Data below Block Start

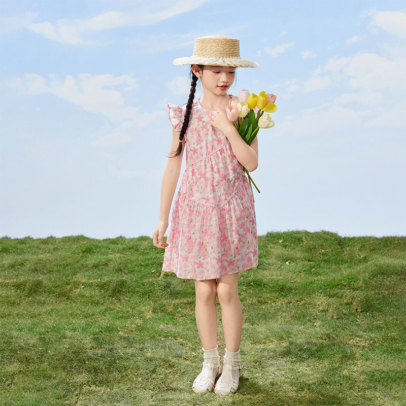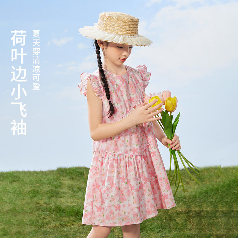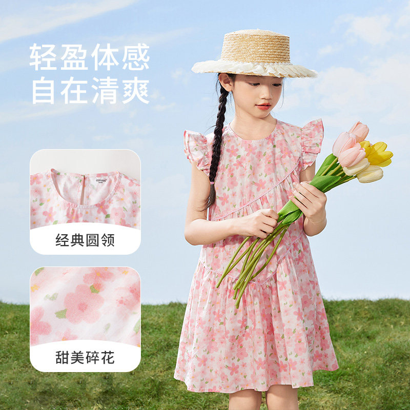 茵曼女童连衣裙甜美碎花夏季儿童中大童纯棉透气无袖长裙洋气裙子
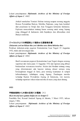 Fumihiko Kai, Konsul Jenderal Jepang di Jakarta, 3 Maret 1953, tulisan
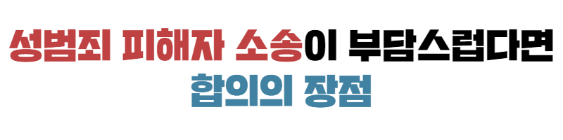 성범죄로 정신적 고통을 입은 피해자가 곧바로 피해 회복을 할 수 없고 오히려 긴 시간을 소송에 매달리며 다투면서 고통을 겪어야 한다는 두려움 때문에 대응을 망설이시는 분들이 많은데요, 이런 상황이라면 소송이 아니더라도 합의를 통해 신속하게 피해 회복을 할 수 있습니다.

Data below Block End

_What to work on_
Begin at the line with "Fumihiko Kai, Konsul" and end at the last line of the data above. Reproduce those lines exactly, but not the pictures.

_Response area_
 Fumihiko Kai, Konsul Jenderal Jepang di Jakarta, 3 Maret 1953, tulisan
 성범죄로 정신적 고통을 입은 피해자가 곧바로 피해 회복을 할 수 없고 오히려 긴 시간을 소송에 매달리며 다투면서 고통을 겪어야 한다는 두려움 때문에 대응을 망설이시는 분들이 많은데요, 이런 상황이라면 소송이 아니더라도 합의를 통해 신속하게 피해 회복을 할 수 있습니다.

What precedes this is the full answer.